We had our main haunt on Saturday. It was a Halloween party for invited kids & adults and we wanted the kids to be OK for school Monday hence the day early. 

It went awesomely well with 26 kids and 14 adults attending. Some last minute prop failures though with my Reaper Greeter at the Gates not triggering correctly (PIR issues), my Jacob's ladder not being finished in time and my FCG Ghost having to stay static due to a problem with the linkage. Otherwise it all went well.

I left a MIB out by the front door for Sunday night and we had about 30 TOTers round all of whom thought the MIB was brilliant.

Here is a list of 'attractions'

Front entrance. Reaper Greeter, Portal of Doom, MIB, Hallowindow (upstairs window), 2 static coffin props.

Back Garden. Decorated Disco area, Tree House with spider victim, Snake (on a ladder but nobody seemed to get that bit), numerous static props, lit skeleton in a cage hoisted up into the tree space.

Main part of Garden. Pumpkin creature, Guillotined man with head in basket, Gravestones, Random LED Eye effects, Occulus (spitter prop from last year but not spitting this year).

Paved area & Cubby. Horned Devil (sound effects and strobe), non-working Jacob's ladder, Frankenmachine (old meters and lights), Frankie (Frankenstein's monster - mask courtesy of Mr_Chicken) - was supposed to talk & move his head but I ran out of time. Lab table with various props. Smoke machine with cooler.

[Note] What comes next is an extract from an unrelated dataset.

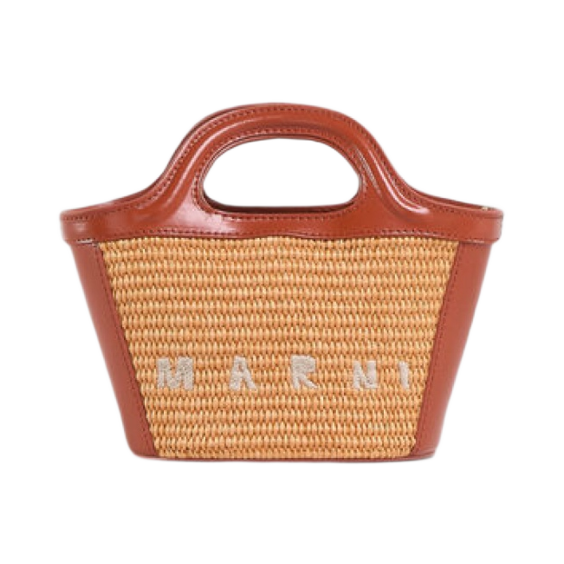 마르니 레더 & 라피아 트로피컬리아 마이크로백 로우 시에나 브라운

Games and undercover area. Wheel of Misfortune (Win, Lose, Forfeit - the kids were actually trying to get the forfeit!), Tent of Death (kid goes in and brings a balloon out. The ballon either contains a piece of candy or a piece of candy and a 'winner' slip), Doughnut eating contest (strun on ropes, kids not allowed to use hands - only mouth). Table with Prizes, Parent's area and food/drink table.

Upstairs verandah. FCG Ghost - static but lit with UV (too bright - will have to tone it down next year to make it seem more ethereal).

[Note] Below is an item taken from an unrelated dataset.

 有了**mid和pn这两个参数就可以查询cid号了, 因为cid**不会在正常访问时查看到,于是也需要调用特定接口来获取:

I was surprised that this year, when the kids went for the food, they hit the savouries more than the candy and sweet stuff. Average age was 9-10 so maybe they are developing some good habits? lol

Setting up took 2 full days! We stripped it in a day. 

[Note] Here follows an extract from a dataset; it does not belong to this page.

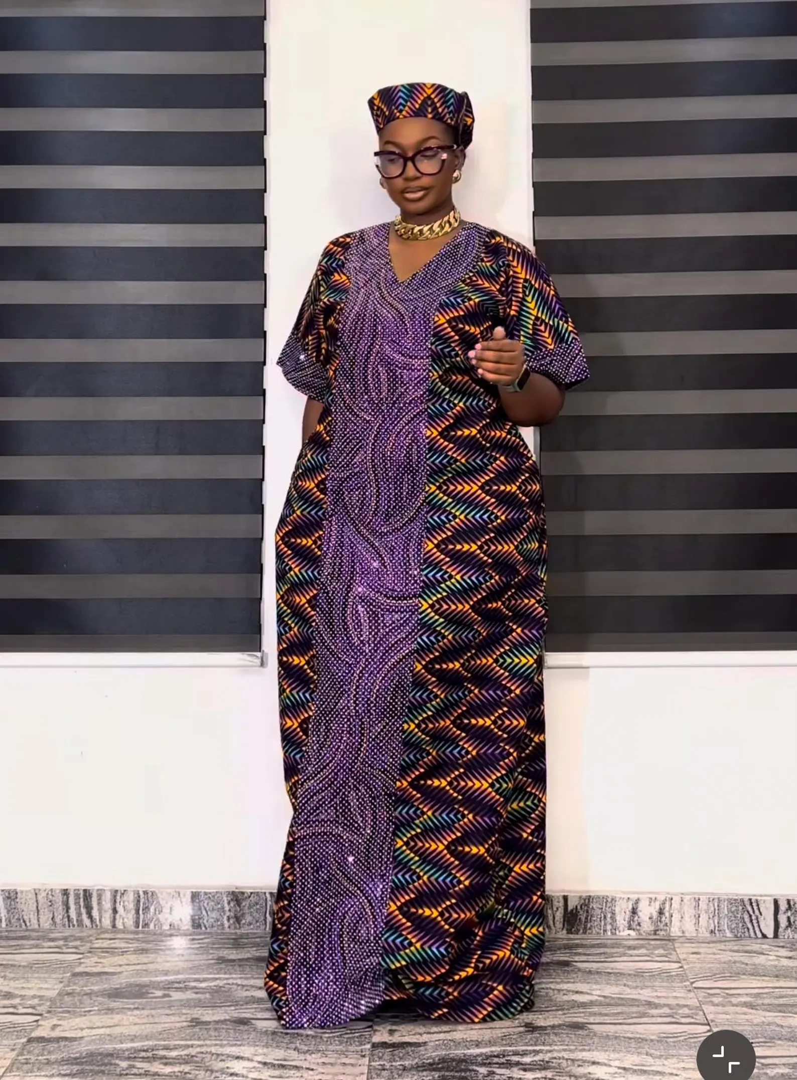 Beautiful Glittering Stone design African Ankara Print Kaftan/Dress

Good fun was had by all. Now I can go back to my job and get some rest. 

Thanks to all here for all the help, postings etc. Pictures will be up this week.


----------



## slightlymad (May 25, 2006)

Sounds like a good time to me.


----------



## DeadRN (Jun 21, 2010)

Good job! It's almost 9:00 here in upstate NY and we're all finished in my neighborhood. I just took in all the electronics and expensive stuff. We got 88 TOTers total!


----------



## Spookkid (Dec 27, 2005)

Sounds like you had a pretty good display going, looking forward to the pictures.



DeadRN said:


> Good job! It's almost 9:00 here in upstate NY and we're all finished in my neighborhood. I just took in all the electronics and expensive stuff. We got 88 TOTers total!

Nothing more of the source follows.